The listing below must be repeated word for word, without its pictures.

* [The data]
____________

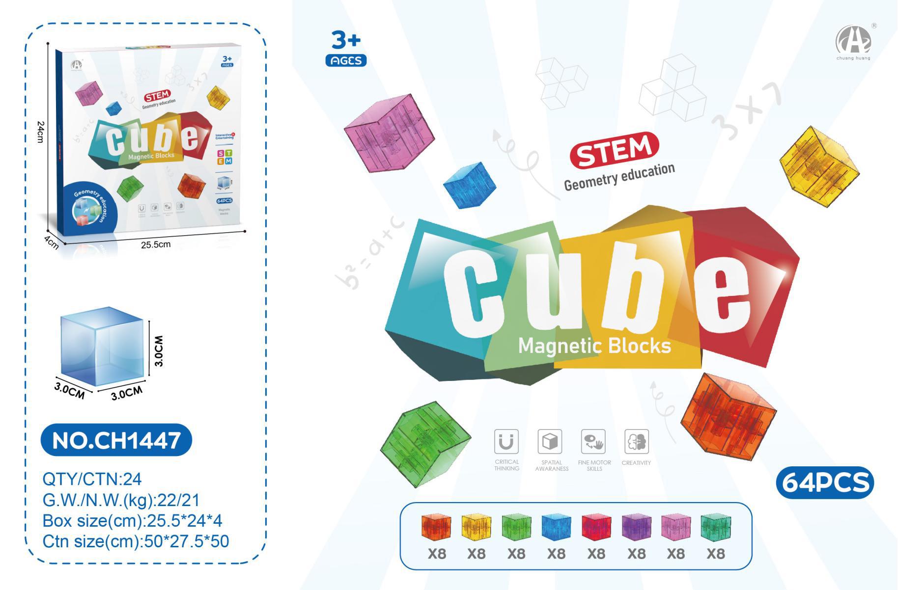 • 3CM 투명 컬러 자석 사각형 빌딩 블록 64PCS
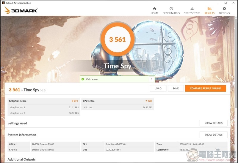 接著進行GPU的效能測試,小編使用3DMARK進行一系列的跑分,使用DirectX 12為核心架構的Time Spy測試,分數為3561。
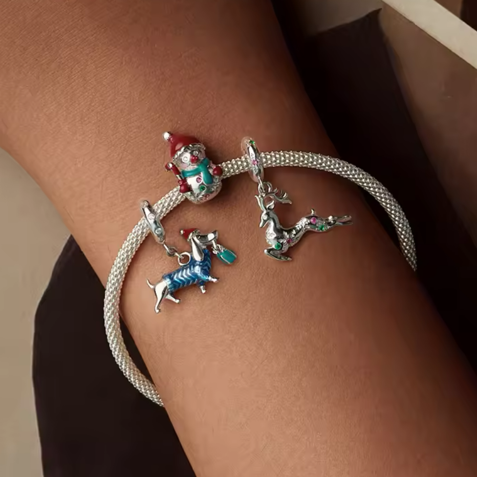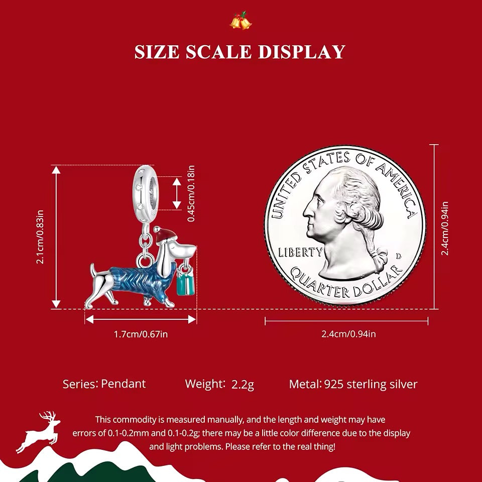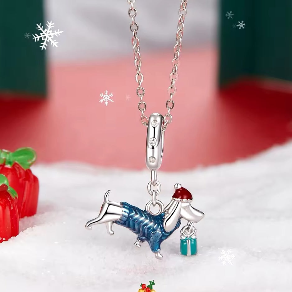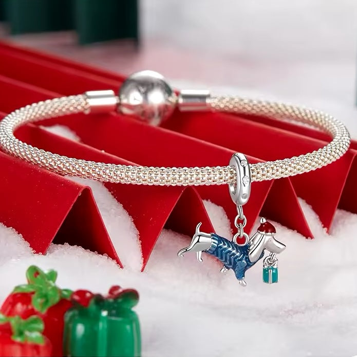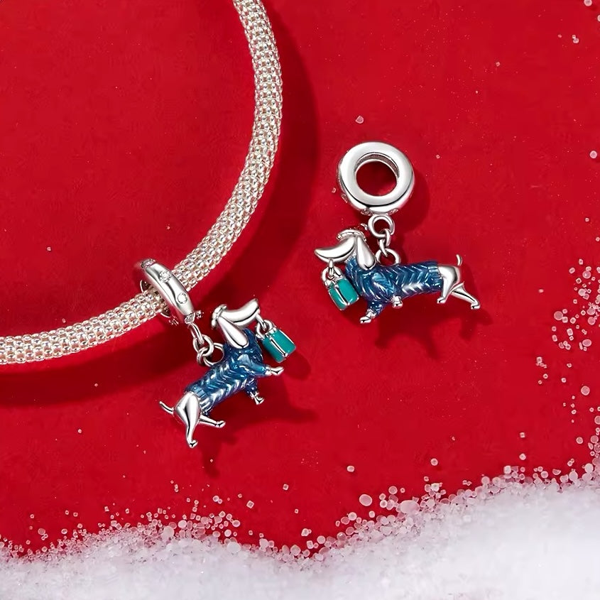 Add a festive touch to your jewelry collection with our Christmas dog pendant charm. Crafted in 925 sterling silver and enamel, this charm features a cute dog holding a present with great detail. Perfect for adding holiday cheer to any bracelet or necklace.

____________

* [Output of the task]
 • 3CM 투명 컬러 자석 사각형 빌딩 블록 64PCS
 接著進行GPU的效能測試,小編使用3DMARK進行一系列的跑分,使用DirectX 12為核心架構的Time Spy測試,分數為3561。
 Add a festive touch to your jewelry collection with our Christmas dog pendant charm. Crafted in 925 sterling silver and enamel, this charm features a cute dog holding a present with great detail. Perfect for adding holiday cheer to any bracelet or necklace.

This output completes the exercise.